The carriage took us to the walls, where a guard stopped us. A magickal glow swirled around the stone, layers of protection when glimpsed through my witch sight. I cocked a brow at Greydusk while we waited our turn. There were numerous conveyances ahead of us, many of them Gothic or unlikely, straight out of a Tim Burton movie, and the denizens of said coaches were more exotic still.

“Do you see anything interesting about the fortifications?” the demon asked.

I squinted. The walls were really tall. I shrugged.

“No?” But the question made me wonder what I wasn’t seeing, so I switched to witch sight, and the walls glowed with scintillant color. “What’s that?”

“The light?” it asked.

I nodded.

“The Vortex. It keeps undesirables out.”

By which he meant monsters like the Gorder. I pointed. “And over there?”

It looked like a shantytown, shacks built out of scrap wood and stone. I glimpsed shambling figures, but they were too far away to make out details. Please don’t let that be a human slave labor camp.

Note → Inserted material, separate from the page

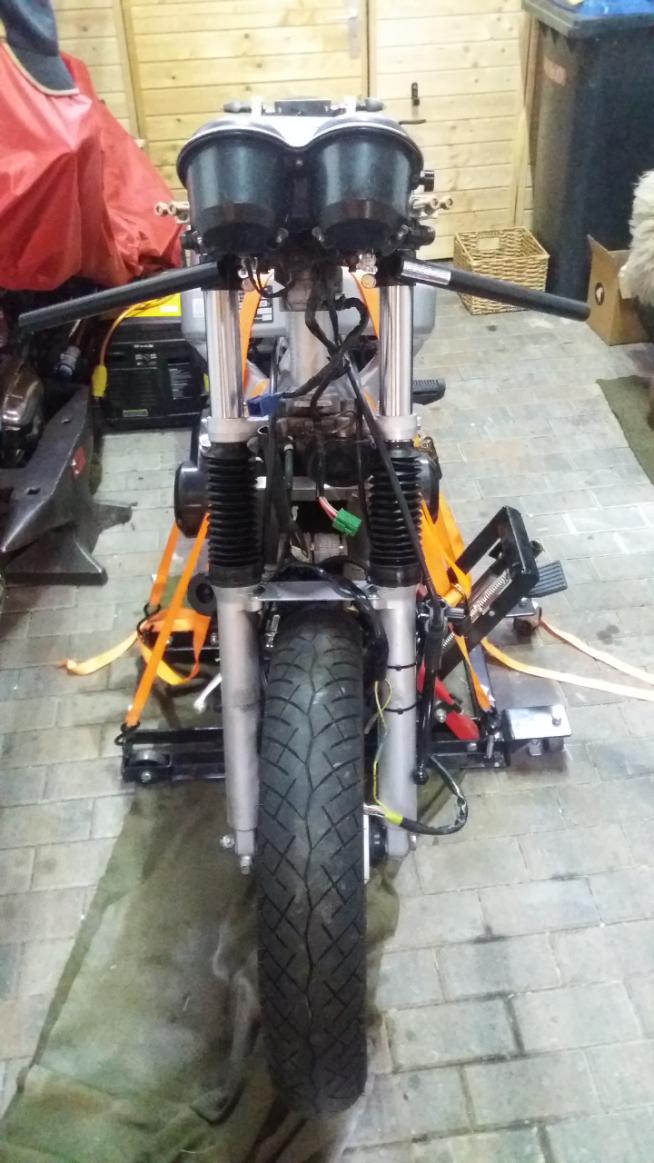 Neuer Fehling Stummellenker verbaut (gab es mit Teile Gutachten für ca. 70 Euro im Netz). Neue Gabelgummis sowie gebrauchten Leder Tankbezug (Bagster) montiert. Als nächstes kommt ein neuer Scheinwerfer mit Gitterverblendung dran und der Heckrahmen wird von mir verschweißt, abgeflext, grundiert und am hinteren Teil neu schwarz matt lackiert. |

“Those are the Xaraz, demons who have been convicted of a crime and stripped of caste status.”

“You don’t have prisons?” Chance wanted to know.

Greydusk seemed puzzled. “What is the purpose of feeding and housing our criminals? Outside the walls, they will fight to live or die. Some perish. What punishment could be worse than that?”

“Our prisons claim they’re striving toward rehabilitation,” I offered.

“And how’s that working out?” The demon scoffed.

I had to admit, I took his point. “Aren’t you worried they’ll get back in?”

“They cannot. The Vortex requires each vehicle or pedestrian to possess a rune of passage, or the energy field destroys them.”

“This one does, right?” I leaned over to look at the front, as if there would be magickal license plate on it.

“Of course.”

Then it was our turn at the gate.

The guard asked something in demontongue; he looked more or less human, except for his tail. It twitched in impatience while he discussed our entry with Greydusk. I could only guess at what they were saying, but the language grated on my ears, simultaneously harsh and sibilant. Then our demon produced some documents and the guard waved us through.

“What did you say?” I asked, once we passed into Xibalba proper.